(Collected data entries)

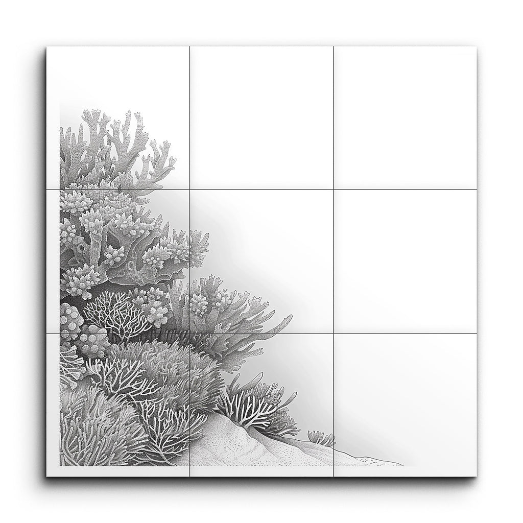 Tauchen Sie ein in die komplexe Schönheit der Tiefsee mit unserem monochromen Graustufen-Fliesenbild, das eine faszinierende Unterwasserkorallenriffszene darstellt. Dieses Kunstwerk fängt die reiche Vielfalt des Meereslebens mit akribischer Detailgenauigkeit ein und zeigt verschiedene Korallen und Meeresflora in atemberaubender dreidimensionaler Tiefe. Inspiriert von Papierschneidetechniken erscheint jedes Element fein geschnitzt, wodurch ein zeitloses und elegantes Stück entsteht, das die ruhige Komplexität des Ozeans in jeden Raum bringt.
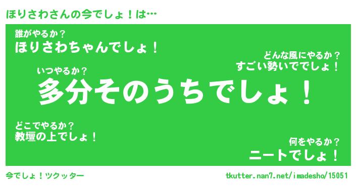 | 意味不明あだ名 | 『ペロリンほりさわ』『永久保存ほりさわ』 |
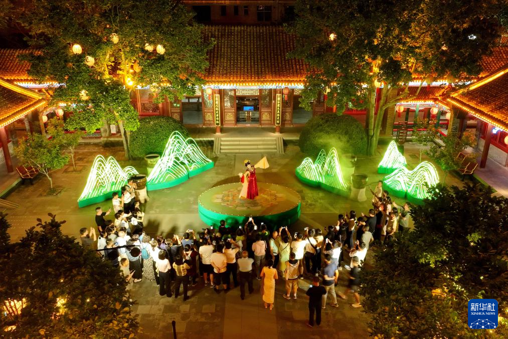 5月14日,游客在河北省正定县荣国府景区观看《一梦入红楼》实景演出(无人机照片)。
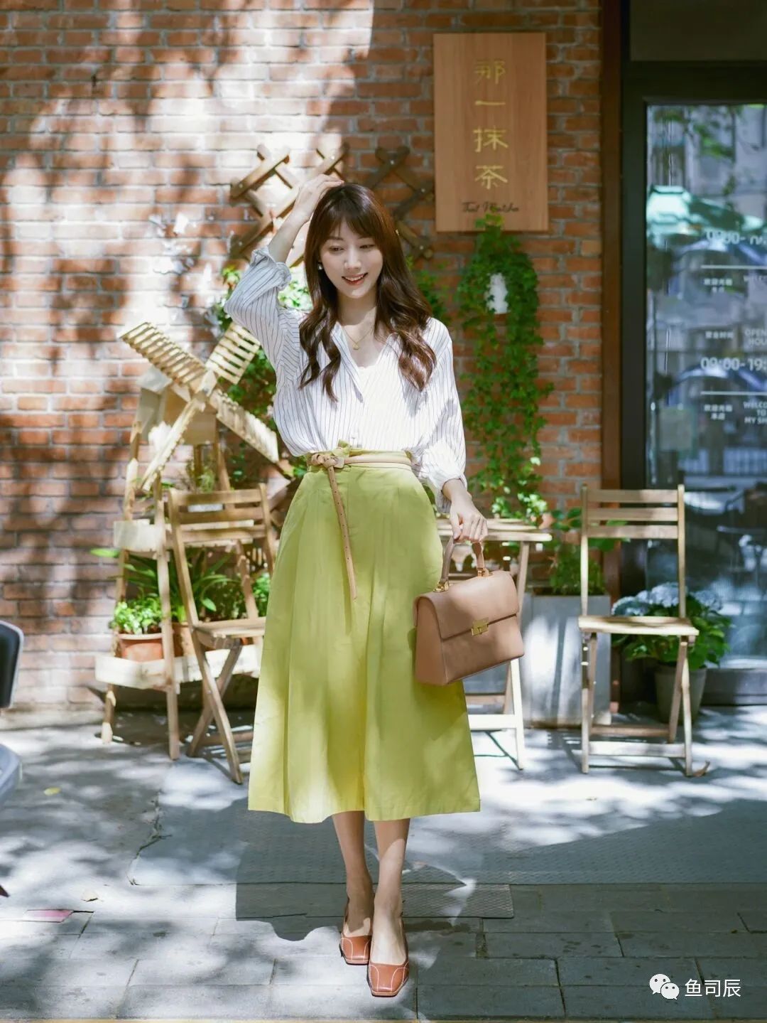 LOOK1:条纹衬衫+浅黄绿A字半身裙。
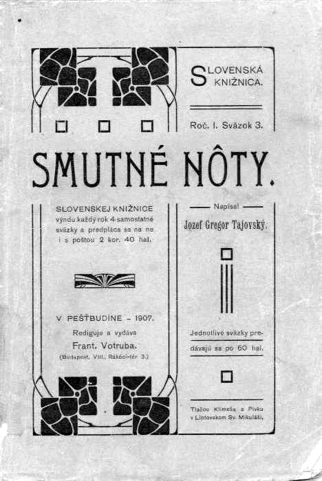 | Описание | Book jacket of Jozef Gregor-Tajovský's Smutne nôty (1907) |
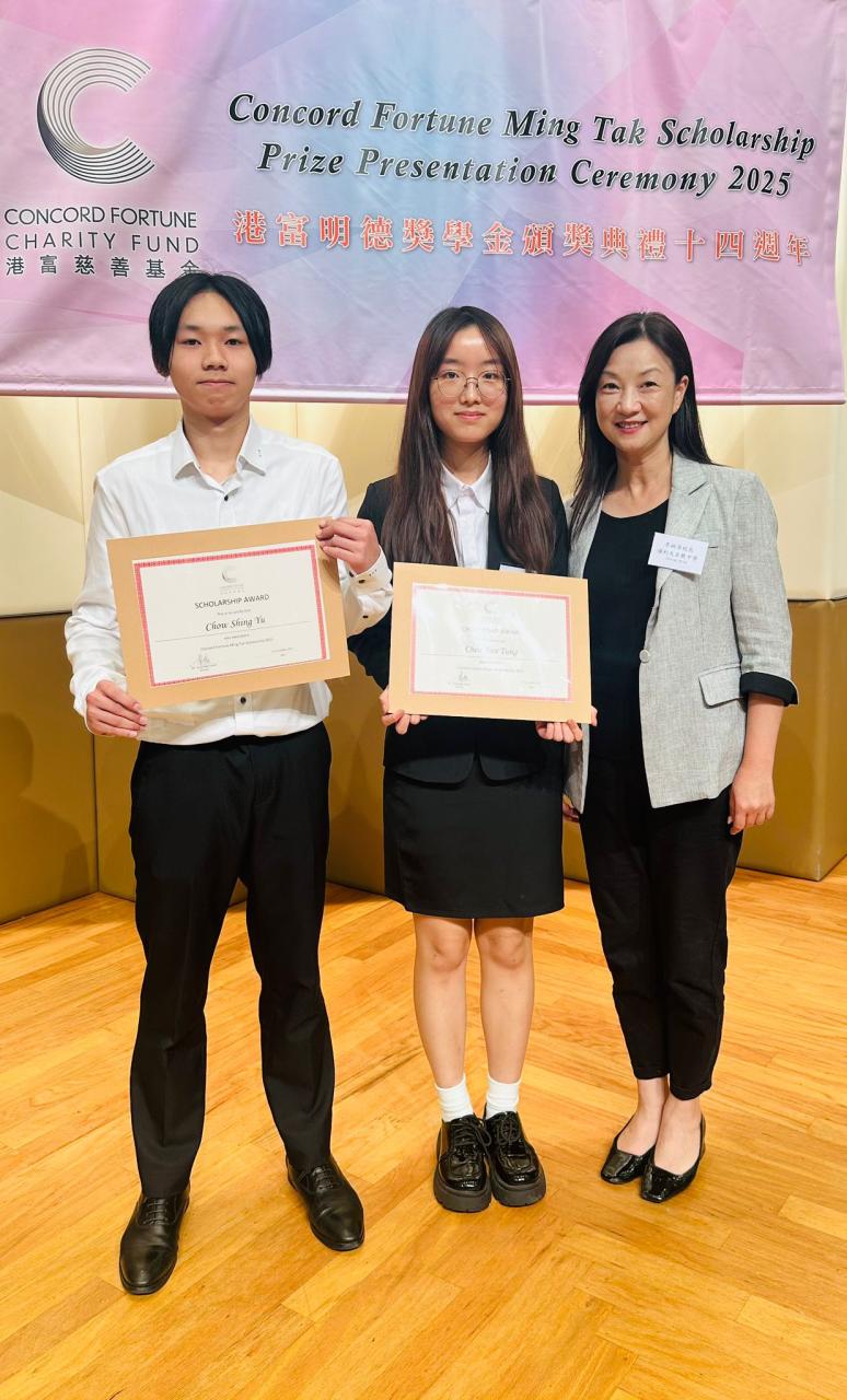 The Concord Fortune Ming Tak Scholarship provides capable students with limited financial resources an equal opportunity to pursue higher education. Congratulations to Chen Yan Tung and Chow Shing Yu for being awarded this scholarship, which covers most of their university tuition for four years. We extend our heartfelt thanks to the donor for their generous support in making this possible.

# Problem
Every entry above needs to be copied exactly, apart from its pictures.

# Response area
 Tauchen Sie ein in die komplexe Schönheit der Tiefsee mit unserem monochromen Graustufen-Fliesenbild, das eine faszinierende Unterwasserkorallenriffszene darstellt. Dieses Kunstwerk fängt die reiche Vielfalt des Meereslebens mit akribischer Detailgenauigkeit ein und zeigt verschiedene Korallen und Meeresflora in atemberaubender dreidimensionaler Tiefe. Inspiriert von Papierschneidetechniken erscheint jedes Element fein geschnitzt, wodurch ein zeitloses und elegantes Stück entsteht, das die ruhige Komplexität des Ozeans in jeden Raum bringt.
 | 意味不明あだ名 | 『ペロリンほりさわ』『永久保存ほりさわ』 |
 5月14日,游客在河北省正定县荣国府景区观看《一梦入红楼》实景演出(无人机照片)。
 LOOK1:条纹衬衫+浅黄绿A字半身裙。
 | Описание | Book jacket of Jozef Gregor-Tajovský's Smutne nôty (1907) |
 The Concord Fortune Ming Tak Scholarship provides capable students with limited financial resources an equal opportunity to pursue higher education. Congratulations to Chen Yan Tung and Chow Shing Yu for being awarded this scholarship, which covers most of their university tuition for four years. We extend our heartfelt thanks to the donor for their generous support in making this possible.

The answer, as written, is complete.